A lei
é, em teoria, absoluta, genérica, impositiva. Cabe aos seus aplicadores a
interpretação, fiscalização e julgamento, com o objetivo de se efetivar a
justiça. Apesar de tudo isso, a lei não resolve os problemas de maneira
profunda e permanente. Ela simplesmente dá ordem para a sociedade e o
comportamento das pessoas momentaneamente. Ela rege a administração pública, as
ações do cidadão comum, dos militares, empresários, jogadores de futebol; ela
rege o casamento, a compra e venda, o aluguel; tutela a vida, a liberdade, o
patrimônio, dentre infinitas coisas mais. Entretanto, neste infinito de
possibilidades, o mais importante ela não consegue influenciar: o animus humano.

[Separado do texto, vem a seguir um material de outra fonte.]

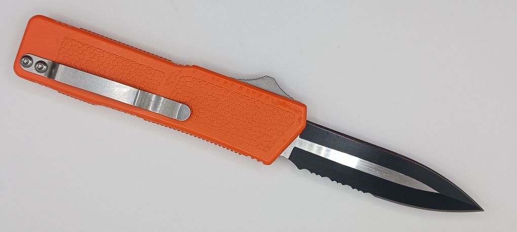 Lightning Supreme Orange D/A OTF Automatic Knife Dagger Point Two Tone Serrated. The Orange Lightning Supreme has an 8 inch total length with a 3.25 inch blade. It is a double action in and out switchblade knife. This is a taiwan version. The taiwan version was the first produced before the chinese versions came out. This version has aircraft aluminum handles and better made metal blades. The springs in these are made better than the chinese versions. It comes with a pocket clip which can be taken off.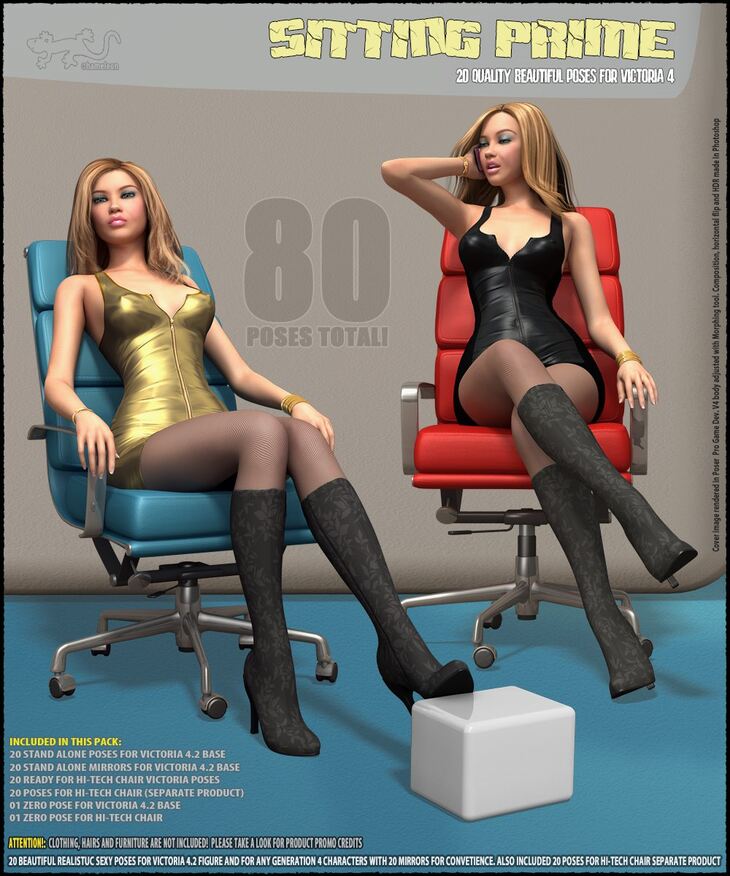"Sitting Prime - Poses for V4" - 40 Beautiful and detailed poses (20 for Victoria 4 + 20 poses for "Hi-Tech-Chair" figure). Also included 40 standalone V4 poses (20+20 mirrors)!
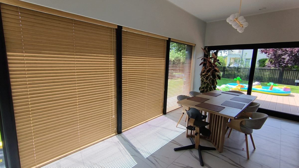 Żaluzje drewniane pasują do każdego stylu we wnętrzu. Naturalne drewno działa jako izolator, pomaga utrzymać temperaturę i poprawia akustykę pomieszczenia. Żaluzje aluminiowe to lekkie i trwałe osłony, zapewniające prywatność oraz precyzyjną regulację ilości światła i cyrkulacji powietrza.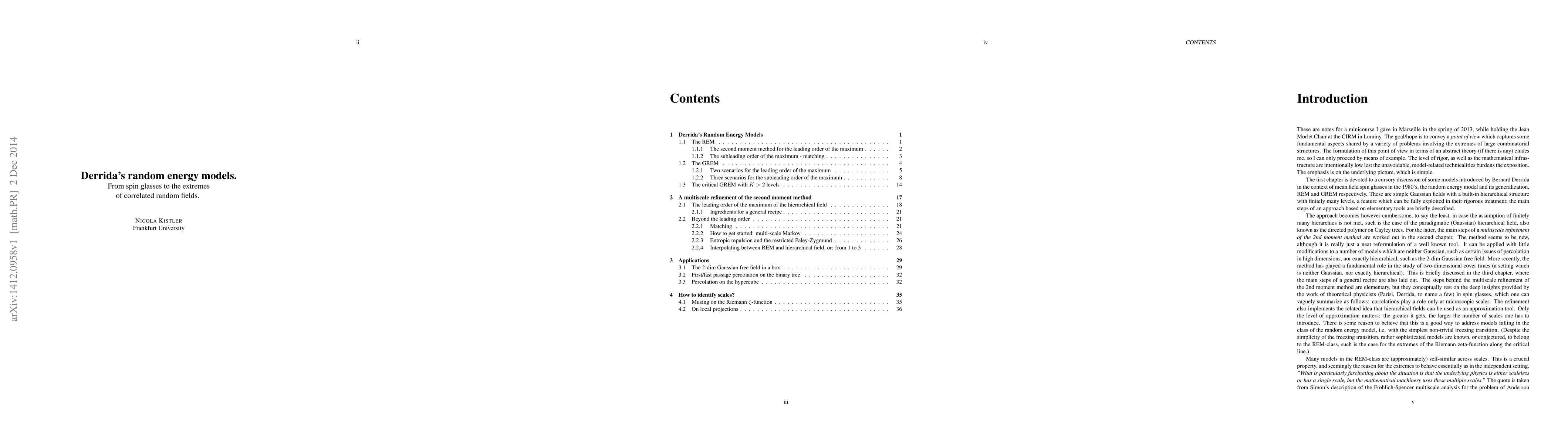 This paper provides a detailed exploration of correlated random fields, starting with Derrida's random energy models in spin glasses, and advancing through multi-scale refinements to analyze complex systems like Gaussian hierarchical fields. It concludes with applications to Gaussian free fields and percolation issues, along with a method for constructing scales from first principles.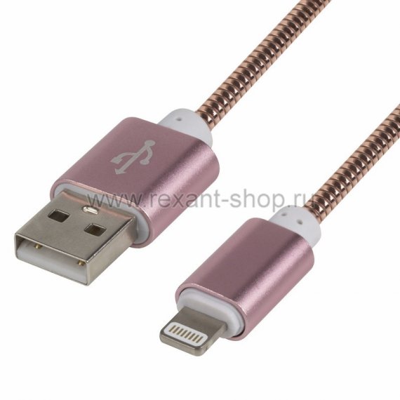 USB кабель для iPhone 5/6/7 моделей, шнур в металлической оплетке розовое золото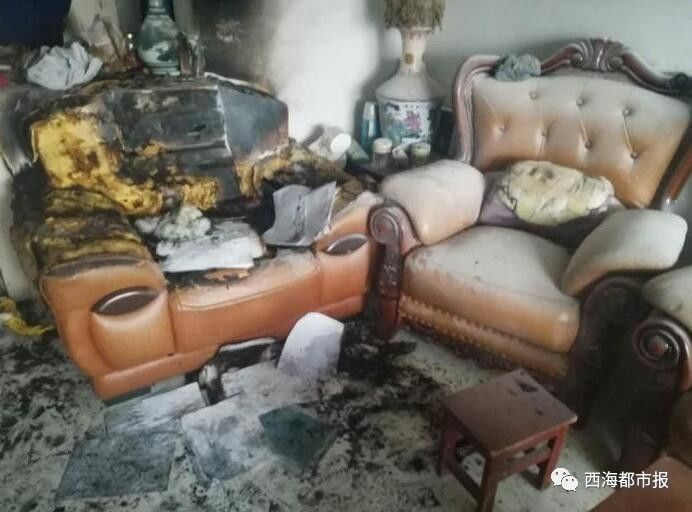 走進(jìn)事發(fā)的住戶(hù)家,屋里一片狼藉,沙發(fā)、電視機(jī)、洗衣機(jī)、電燈開(kāi)關(guān)等物品被燒,臥室和客廳的玻璃碎了。家里養(yǎng)的小貓蜷在陽(yáng)臺(tái)上一動(dòng)不動(dòng),它的嘴巴在流血,胡子和尾巴被燒。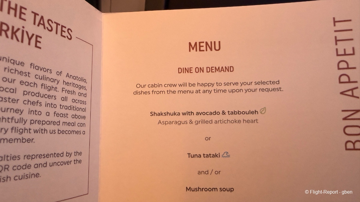 Voici le menu - dine on demand. ; bien que tous les pax prendront le diner après le décollage.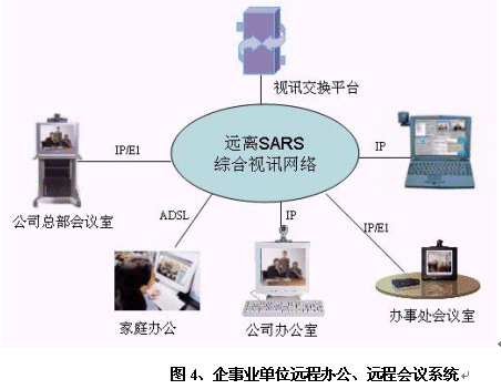 非典型肺炎不但對國家的經(jīng)濟(jì)造成了重大的損失,而且使得全社會對"非典"噤若寒蟬,大家對出差甚至外出都異常緊張。華為公司提供為個人家庭辦公、探親訪友的遠(yuǎn)程多媒體通信解決方案,大家在家里即可通過網(wǎng)絡(luò)和親朋好友"面對面"交流、在家中辦公。減少外出、遠(yuǎn)離人員眾多地區(qū),有效預(yù)防非典。對于有條件的用戶群可以推薦在現(xiàn)有寬帶線路或新增寬帶線路上購買軟件,即可實(shí)現(xiàn)親朋好友間的個人視頻通信;對于暫不具備寬帶條件的群體,如學(xué)生等,可以考慮在重點(diǎn)營業(yè)廳設(shè)立專門會議室或者視訊公話亭等,提供預(yù)約視頻服務(wù),滿足其溝通的需求。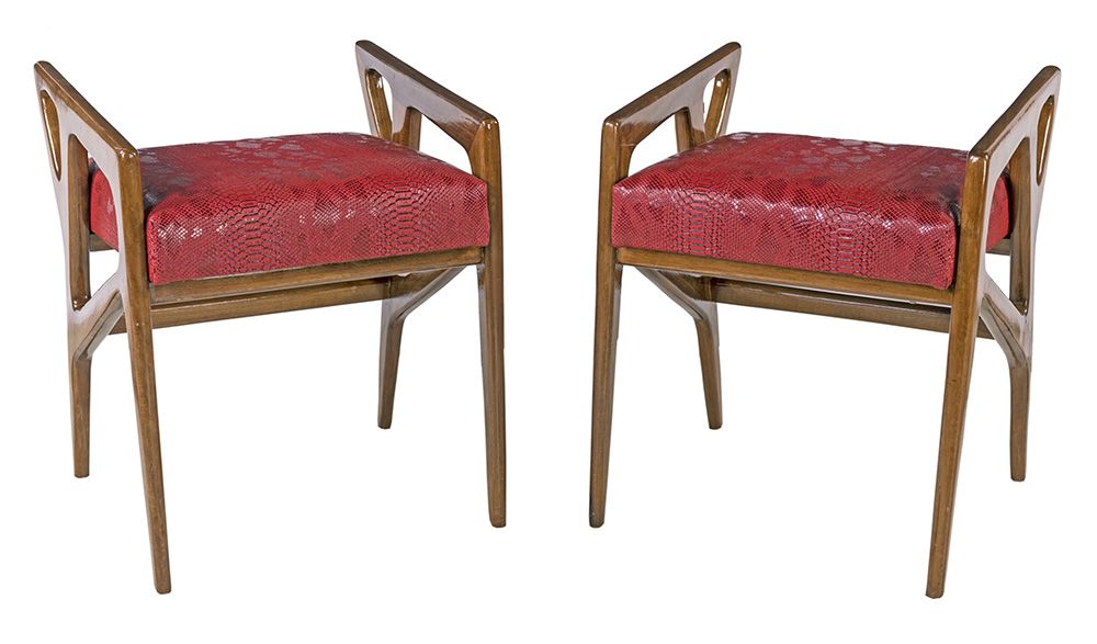 GIÒ PONTI 1950 COPPIA DI SGABELLI struttura in noce, rivestimento in ecopelle, produzione Italia cm 54x46x42.

Ao meu ver, a paralisação da Polícia
Militar do estado do Espírito Santo demonstra bem isso. Enquanto a corporação
patrulhava normalmente as ruas da unidade federativa, pessoas transitavam,
entravam em lojas, compravam seus acessórios. Após os policiais entrarem em
greve, estes mesmos cidadãos começaram então a praticar crimes, como se em seus
interiores sempre houvesse uma alma corrompida.
O que quero dizer com isso? Quero dizer
que dentro daquelas pessoas o espírito delituoso sempre existiu, mas por causa
dos agentes da lei fiscalizando e protegendo o patrimônio alheio, estas pessoas
nada fizeram. E não há legislação no mundo que mude este cenário introspectivo
do indivíduo.
Uma outra hipótese que recai sobre
esse comportamento criminoso do antes cidadão comum pode ser a pior crise
econômica já registrada na história do Brasil. O cidadão comum, vendo que o
Estado o lesa por meio de impostos abusivos e que o Estado desfragmentou a
economia nacional com políticas de intervenção, não conseguiu controlar o
sentimento de ética e justiça.
Com
essa crise da segurança pública capixaba, percebe-se como as polícias no Brasil
estão sucateadas e seus agentes completamente desmoralizados e tratados com
descaso. Obviamente, a greve dos Policiais Militares do ES demonstra uma
situação nacional do caos das forças policiais.
Em
um estado endêmico de problemas internos e externos, a segurança pública do Rio
de Janeiro está muito pior do que a de qualquer outra do Brasil - e até mesmo
do mundo. Tanto a Polícia Militar quanto a Civil, no RJ, enfrentam perigos a
cada minuto. O tráfico carioca é severamente perigoso e traz, também, problemas
para o cidadão de bem e seus agentes protetores. Uma grande parcela da
população (engajada pelos ideais de esquerda) denigrem a imagem do policial e,
com isso, abre margem para que o bandido seja o grande prejudicado pela
violência gerada pelo próprio tráfico.
Um
ideal liberal que, com absoluta certeza, cessaria de maneira gradual e a médio
e longo prazo a violência no Brasil e o caos penitenciário e de segurança
pública, é a legalização das drogas e seu uso. Estabelecendo um controle
sanitário e securitário da venda, distribuição e uso de substâncias
entorpecentes, o Estado conseguiria abrir o mercado e participar da atividade
comercial de entorpecentes, tirando das mãos dos bandidos o poder econômico e
militar que possuem. Quem vendesse drogas seguindo às normas legislativas não
cometeria crime e, por consequência, não seria preso. A grande maioria das
penitenciárias brasileiras está lotada por conta da guerra ao tráfico. Se os
entorpecentes psicotrópicos fossem legalizados, quem gerisse esse mercado não
seria considerado criminoso.
Entretanto,
aqueles bandidos que cometeram demais crimes no exercício ainda não legalizado
de produção, distribuição e venda de drogas, deveriam ser punidos com rigor,
com o objetivo de manter uma paz social efetiva. Nenhuma lei de legalização de
drogas perdoaria os atos cruéis cometidos pelos atuais chefes desse mercado –
que não passam de homicidas buscando dinheiro.
O
Brasil necessita de uma sociedade civil engajada pela luta da liberdade
individual e da limitação do Estado, que resultaria numa atuação estatal de
excelência naquilo que o Estado e o governo devem realmente atuar. Com o
cidadão politizado, buscaríamos uma frente parlamentar eficaz e séria que
efetivasse os anseios mais desesperados da população.